Os graves problemas acima descritos indicam claramente que a proposta de Lei em questão atende fundamentalmente à parte mais retrógrada do setor agropecuário brasileiro, aponta na contra mão da história do desenvolvimento sustentável e contra os compromissos assumidos internacionalmente e por Lei (Lei de Mudanças Climáticas) pelo presidente Lula em Copenhague (2009) de reduzir significativamente até 2020 nossas emissões de gases de efeito estufa.

De acordo com o próprio INPE e o Ministério de Meio Ambiente a expectativa de anistia gerada pelos debates em torno da proposta ruralista em questão já trouxe impactos reais na retomada do aumento do Desmatamento na Amazônia, após 5 anos de queda significativa.

Salientamos que nós, Povos e Comunidades Tradicionais, defendemos a manutenção das áreas de reserva legal e APP´s, pois dependemos dessas áreas para a manutenção do nosso modo de vida, cultura, economia e produção de alimentos. Ressaltamos que as mudanças no código florestal vigente devem ser fruto de um debate amplo com toda sociedade brasileira e que nós povos e Comunidades Tradicionais não participamos do debate que originou a proposta em pauta.

Diante de todo o exposto até aqui é que reiteramos nosso pedido de que Vossa Excelência impeça a aprovação da proposta em questão, já fruto de suposto acordo com o governo, para votação na próxima terça-feira (24) e que o Governo apresente uma proposta de Lei para uma política nacional florestal condizente com o papel de destaque e a importância do Brasil (Potência Socioambiental) para as ações globais de mitigação às mudanças climáticas, conservação da Sociobiodiversidade e das águas e melhoria da qualidade de vida na Terra.

Aprovado na 16ª Reunião Ordinária da Comissão Nacional de Desenvolvimento Sustentável para Povos e Comunidades Tradicionais.
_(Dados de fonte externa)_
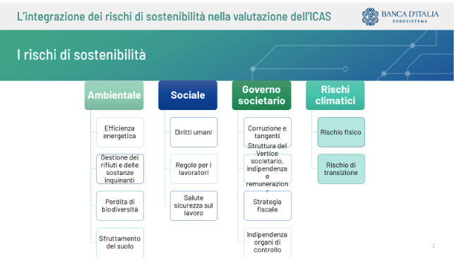 Nell’intervento della dott.ssa Raffaella Sorgente si sono anche chiariti i vari fattori di rischio legati alla sostenibilità, soffermandosi su quelli climatici e di transizione, ancora non pienamente colti dalla maggior parte delle micro e piccole imprese che hanno ruolo preponderante per il sistema Italia, sia per volume economico che muovono sia per quello legato alla forza lavoro, come sottolineato anche dalla prof.ssa Billio.
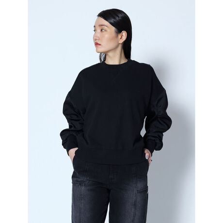 トレンドのシャーリングデザインをLASUDらしい1着に落とし込んだデザイントップス。
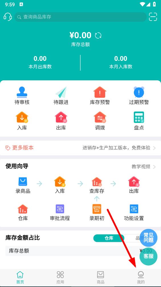 1、打開智能云倉(cāng)庫(kù)存管理應(yīng)用,點(diǎn)擊底部導(dǎo)航欄中的我的圖標(biāo),進(jìn)入個(gè)人相關(guān)設(shè)置界面。
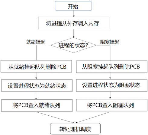 - 作用: 实现进程从就绪挂起/阻塞挂起状态到就绪/阻塞状态的转换。
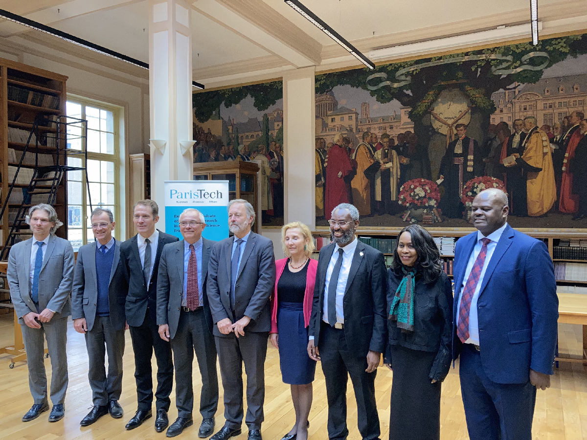 L’Université de Nairobi (Kenya), 4 écoles du réseau ParisTech (France) – AgroParisTech, Chimie ParisTech - PSL, École nationale des ponts et chaussées et Mines Paris - PSL – et CentraleSupélec - Université Paris-Saclay (France) ont signé un Accord de Partenariat Tripartite qui lance un programme de coopération de quatre ans dédié au développement du Complexe Science et Ingénierie (ESC) à Nairobi. Prof. Stephen Kiama, Vice-Chancelier de l’Université de Nairobi, a fait le voyage en France avec une équipe de managers à l’occasion de la signature et a visité respectivement CentraleSupélec, Université Paris-Saclay, AgroParisTech, Chimie ParisTech – PSL et École nationale des ponts et chaussées.
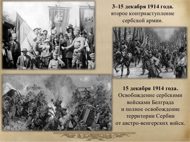 28. 28. 3–15 декабря 1914 года. второе контрнаступление сербской армии. 15 декабря 1914 года. Освобождение сербскими войсками Белграда и полное освобождение территории Сербии от австро-венгерских войск.

segunda-feira, 2 de maio de 2011

Carta aberta da Rede Cerrado em defesa do Código Florestal Brasileiro

Nós, membros da Rede Cerrado de ONGs e Movimentos Sociais, articulação que congrega centenas de instituições com atuação no bioma Cerrado, representando trabalhadores/as rurais, agroextrativistas, povos indígenas, quilombolas, comunidades tradicionais da região, como geraizeiros, quebradeiras de coco, pescadores artesanais e profissionais de organizações não governamentais de assessoria, engajadas na defesa desse Bioma e de seus povos, manifestamos nosso posicionamento em defesa do Código Florestal Brasileiro.

Reconhecemos os esforços do Ministério do Meio Ambiente no sentido de promover um debate sério e qualificado junto ao Governo Federal, ao Congresso Nacional e à sociedade civil acerca das propostas de alteração da legislação ambiental brasileira, abrindo caminhos para a construção de uma reforma do Código Florestal que incorpora demandas dos diversos segmentos, aliando sob uma ótica sustentável as perspectivas de produção rural e conservação.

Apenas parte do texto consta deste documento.